→ **The records**

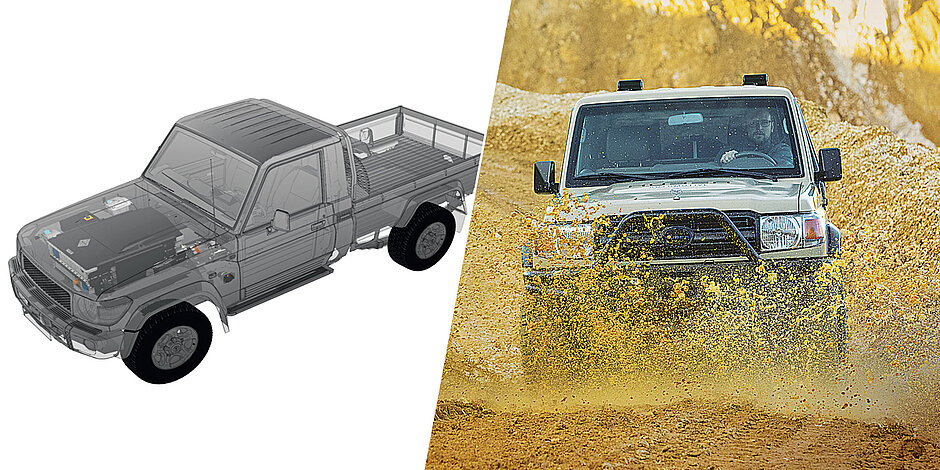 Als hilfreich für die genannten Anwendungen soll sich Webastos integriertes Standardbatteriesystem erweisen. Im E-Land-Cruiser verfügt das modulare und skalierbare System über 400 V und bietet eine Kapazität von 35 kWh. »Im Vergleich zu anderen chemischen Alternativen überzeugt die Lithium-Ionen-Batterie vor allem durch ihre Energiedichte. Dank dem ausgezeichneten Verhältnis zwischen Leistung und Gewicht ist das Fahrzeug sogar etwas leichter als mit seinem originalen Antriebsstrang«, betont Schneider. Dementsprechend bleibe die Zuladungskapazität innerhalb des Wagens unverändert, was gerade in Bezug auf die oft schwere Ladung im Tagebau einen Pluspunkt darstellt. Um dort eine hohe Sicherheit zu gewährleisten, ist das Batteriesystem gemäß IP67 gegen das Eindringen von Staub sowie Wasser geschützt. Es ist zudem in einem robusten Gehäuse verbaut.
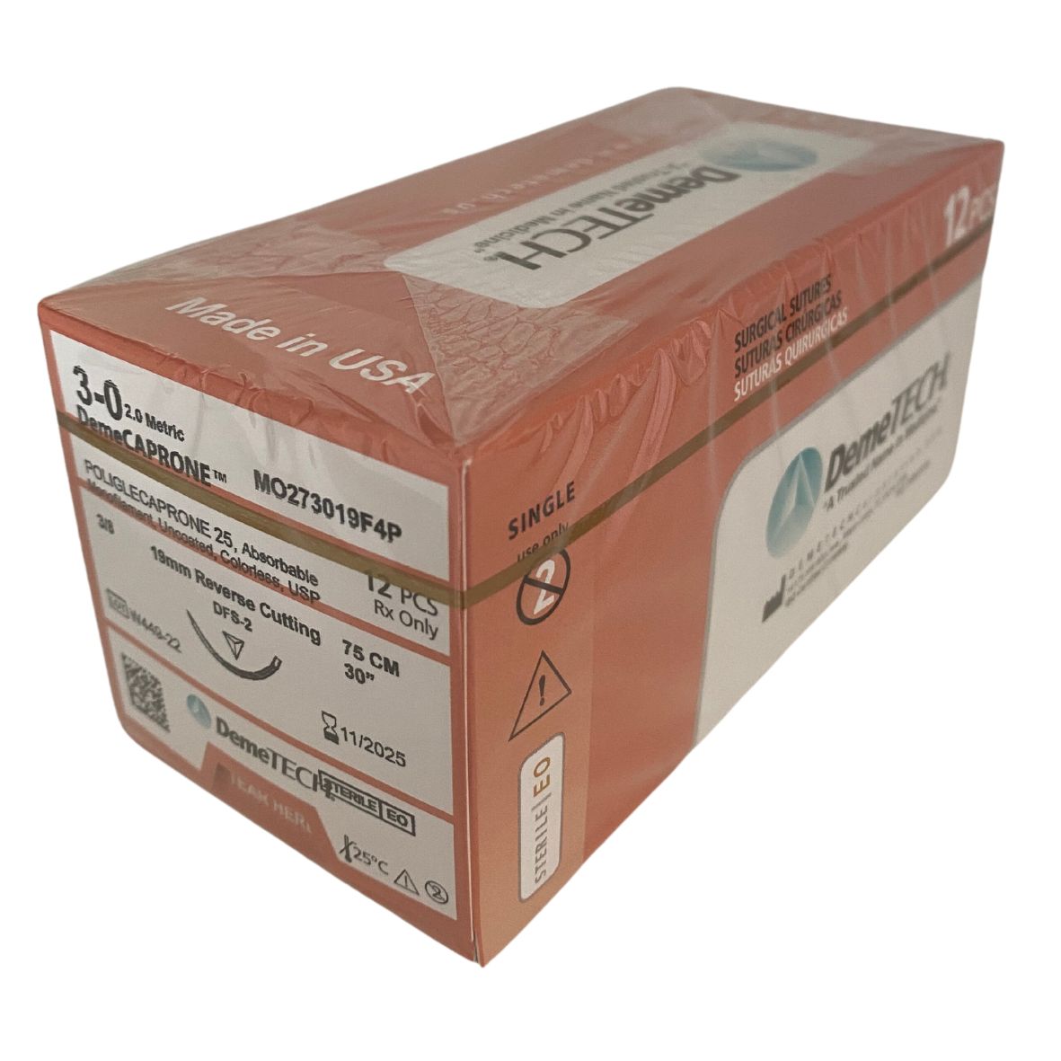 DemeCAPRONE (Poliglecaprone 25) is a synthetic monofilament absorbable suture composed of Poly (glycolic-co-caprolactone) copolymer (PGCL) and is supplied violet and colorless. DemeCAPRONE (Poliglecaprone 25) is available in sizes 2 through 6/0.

--

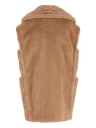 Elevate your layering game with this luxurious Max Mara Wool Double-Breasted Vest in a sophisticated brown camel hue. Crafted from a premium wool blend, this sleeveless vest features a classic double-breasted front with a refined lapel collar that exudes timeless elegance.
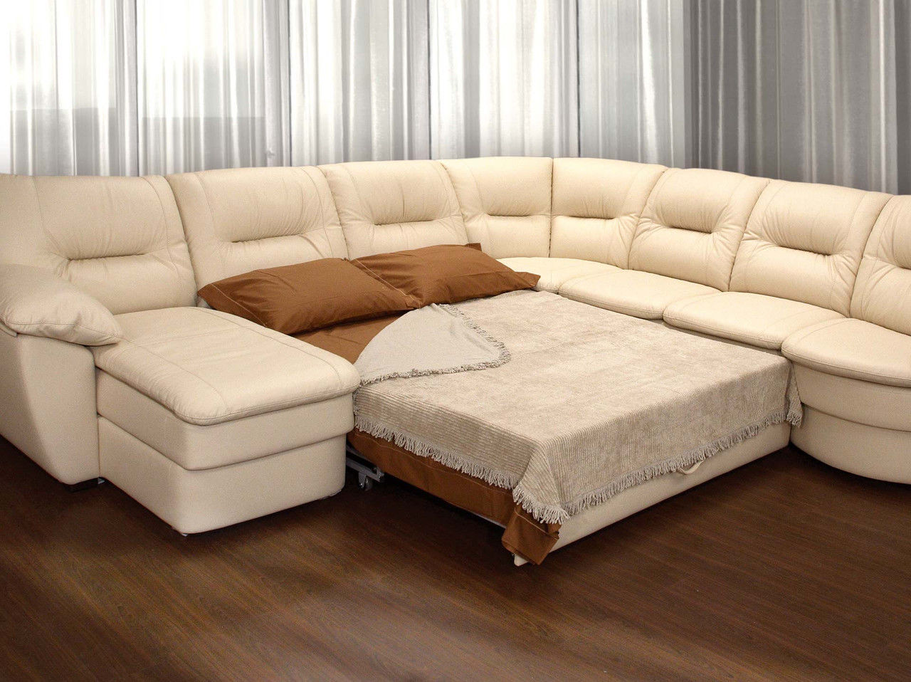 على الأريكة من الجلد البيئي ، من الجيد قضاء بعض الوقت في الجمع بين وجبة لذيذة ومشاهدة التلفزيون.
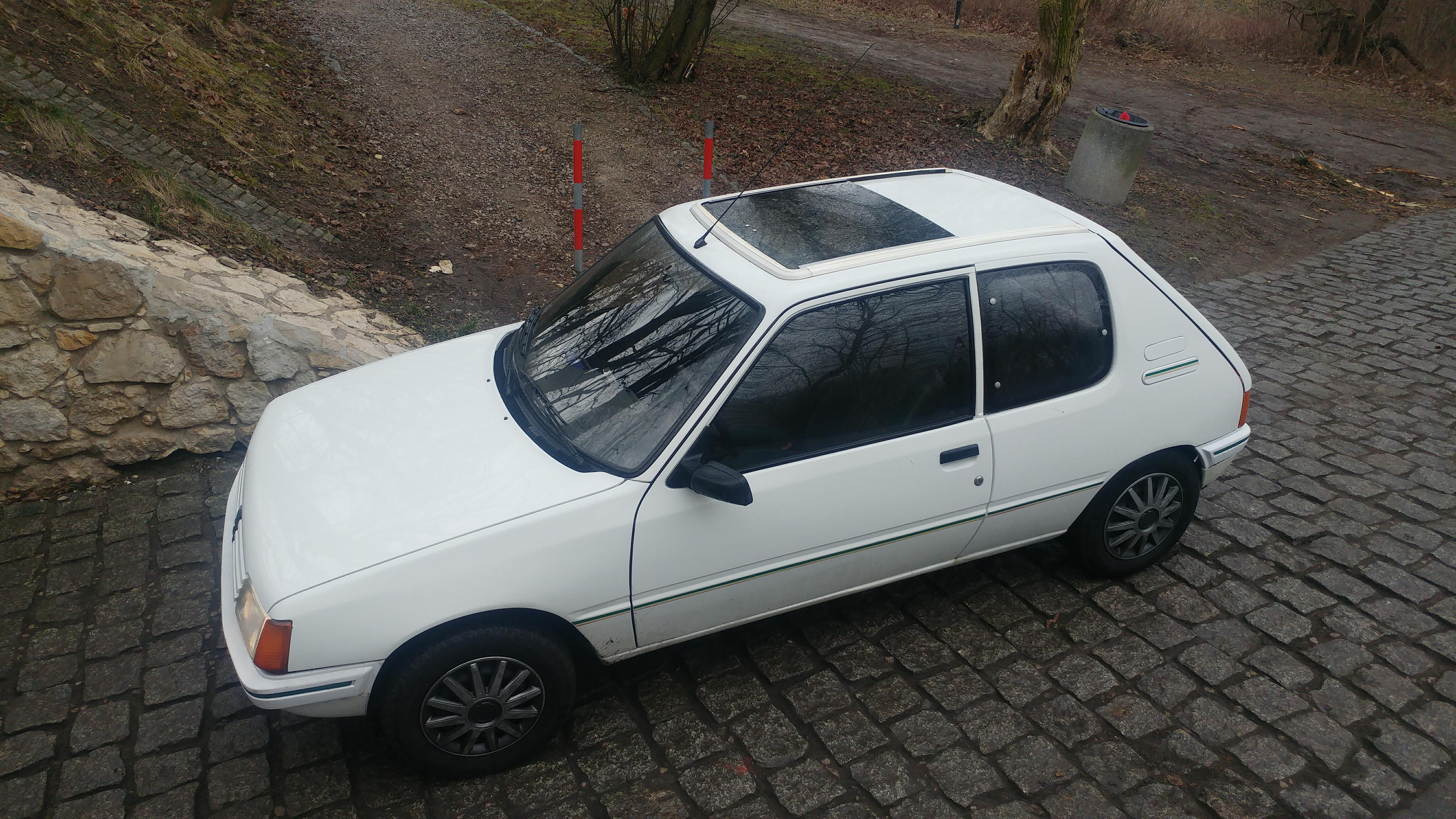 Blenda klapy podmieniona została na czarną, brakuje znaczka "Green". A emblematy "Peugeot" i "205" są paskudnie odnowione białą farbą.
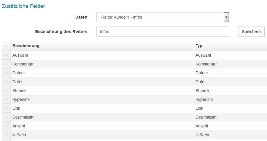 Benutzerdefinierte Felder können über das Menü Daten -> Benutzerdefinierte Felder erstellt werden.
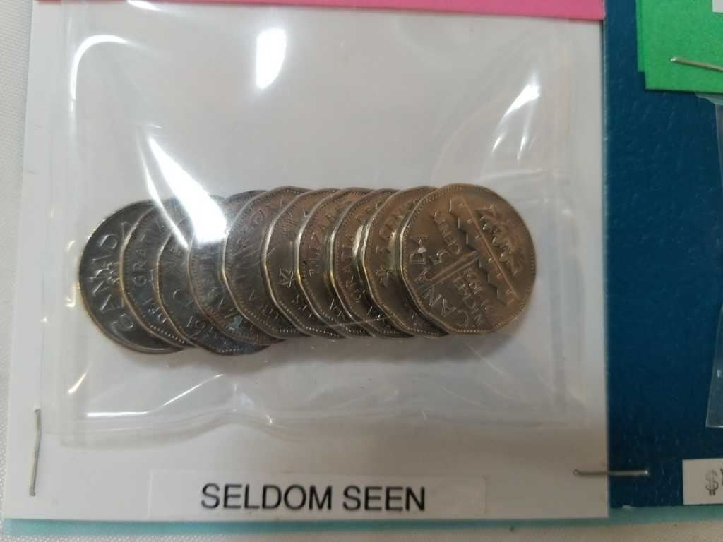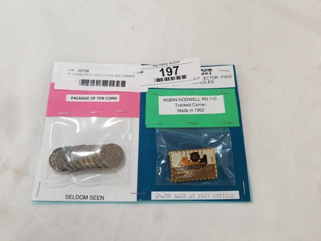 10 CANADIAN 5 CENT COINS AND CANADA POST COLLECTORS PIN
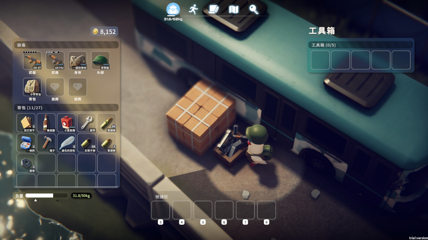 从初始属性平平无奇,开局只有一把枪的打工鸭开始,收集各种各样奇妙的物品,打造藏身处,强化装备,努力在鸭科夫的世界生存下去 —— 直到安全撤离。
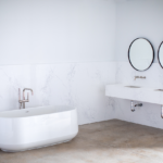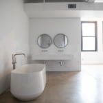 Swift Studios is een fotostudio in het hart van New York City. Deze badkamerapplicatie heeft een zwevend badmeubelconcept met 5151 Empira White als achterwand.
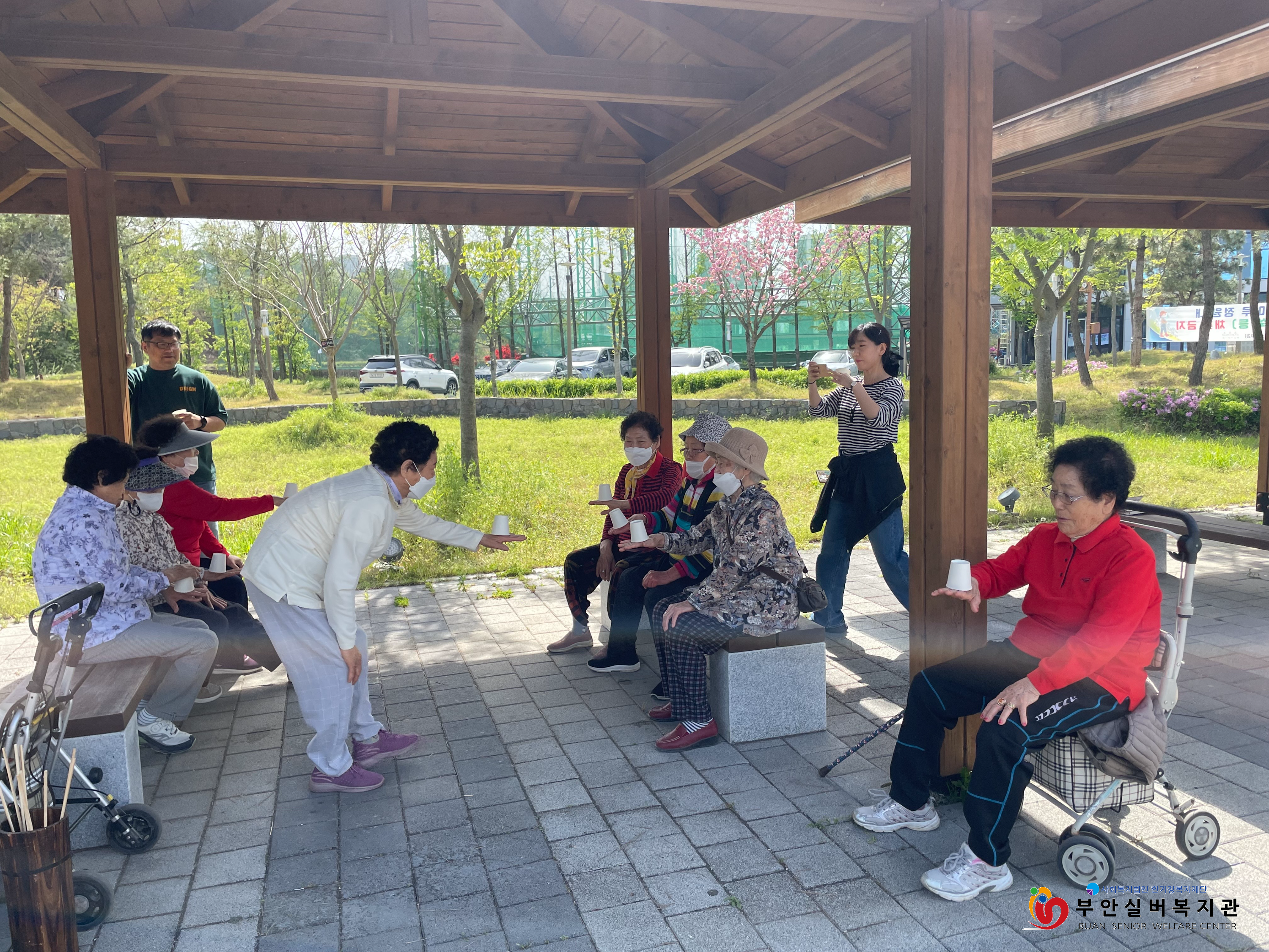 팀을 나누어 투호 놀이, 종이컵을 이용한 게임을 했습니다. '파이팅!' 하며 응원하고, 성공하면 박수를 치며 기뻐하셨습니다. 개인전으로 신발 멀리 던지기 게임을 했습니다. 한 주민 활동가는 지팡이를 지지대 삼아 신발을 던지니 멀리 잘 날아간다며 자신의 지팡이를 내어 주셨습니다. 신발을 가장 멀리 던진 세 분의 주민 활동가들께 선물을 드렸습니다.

→ **Your task**
From the listing above, please give again the lines that begin with the line holding "Benutzerdefinierte Felder können" and go on through the line holding "팀을 나누어 투호 놀이, 종이컵을", exactly, both ends included, minus any picture.

→ **Exercise response**
 Benutzerdefinierte Felder können über das Menü Daten -> Benutzerdefinierte Felder erstellt werden.
 10 CANADIAN 5 CENT COINS AND CANADA POST COLLECTORS PIN
 从初始属性平平无奇,开局只有一把枪的打工鸭开始,收集各种各样奇妙的物品,打造藏身处,强化装备,努力在鸭科夫的世界生存下去 —— 直到安全撤离。
 Swift Studios is een fotostudio in het hart van New York City. Deze badkamerapplicatie heeft een zwevend badmeubelconcept met 5151 Empira White als achterwand.
 팀을 나누어 투호 놀이, 종이컵을 이용한 게임을 했습니다. '파이팅!' 하며 응원하고, 성공하면 박수를 치며 기뻐하셨습니다. 개인전으로 신발 멀리 던지기 게임을 했습니다. 한 주민 활동가는 지팡이를 지지대 삼아 신발을 던지니 멀리 잘 날아간다며 자신의 지팡이를 내어 주셨습니다. 신발을 가장 멀리 던진 세 분의 주민 활동가들께 선물을 드렸습니다.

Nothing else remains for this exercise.